The question is evaluate or show that the integral diverges: ∫ (from upper bound 3 to lower bound 0) (1/x) dx. The answer is ∞ but I don't understand how they got that answer. Please help!
2007-04-03 14:42:26 · 3 answers · asked by indigo57 1 in Science & Mathematics ➔ Mathematics
∫ (0 to 3, (1/x) dx )
For one thing, this is an improper integral, because (1/x) is not defined at 0. For that reason, you have to change this into a limit. More specifically, the limit as t approaches 0 from the right.
lim (t to 3, (1/x) dx )
t -> 0+
Solving the integral, we get
lim (ln|x| ) {evaluated from t to 3}
t -> 0+
Plugging in our integration bounds,
lim ( ln|3| - ln|t| )
t -> 0+
Since we are dealing with positive numbers (with the bounds being from 0 to 3), we don't even need those absolute value signs, because for positive numbers, |x| = x.
lim ( ln(3) - ln(t) )
t -> 0+
As t approaches 0 from the right, ln(t) approaches negative infinity. Also, ln(3) is a finite term, so we have the form
[ln(3) - (-∞)], or [ln(3) + ∞], which is ∞.
2007-04-03 14:49:06 · answer #1 · answered by Puggy 7 · 0⤊ 0⤋
1/x is not define at the point 0. Therefore is not possible to integrate 1/x about 0.
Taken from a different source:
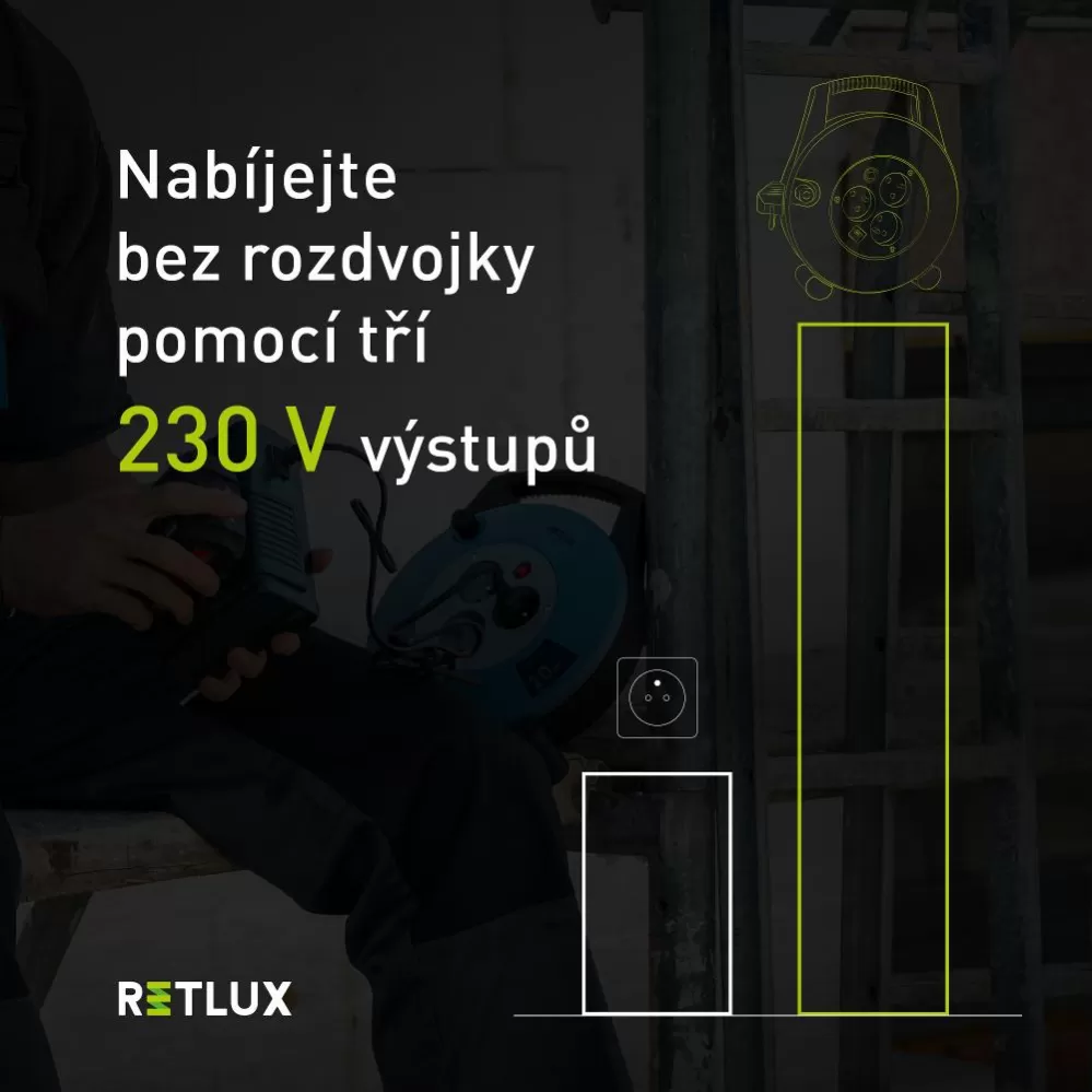 Desetimetrový kabel s praktickým navinováním na buben má kromě tří standardních 230V zásuvek také praktický USB-C vstup. Vedle zapojení elektrických zařízení si tak můžete bez adaptéru snadno nabít i telefon nebo další elektroniku.

2007-04-03 21:48:03 · answer #2 · answered by ali 6 · 0⤊ 0⤋
The integral of 1/x is ln(x), right?
So your answer is ln(3) minus ln(0).
But if you look at the graph of ln(x), you'll find that it shoots downward quite rapidly as x approaches zero from the positive side. ln(3)-(-infinity)=infinity.
Does that work for you?
2007-04-03 21:52:18 · answer #3 · answered by Mehoo 3 · 0⤊ 0⤋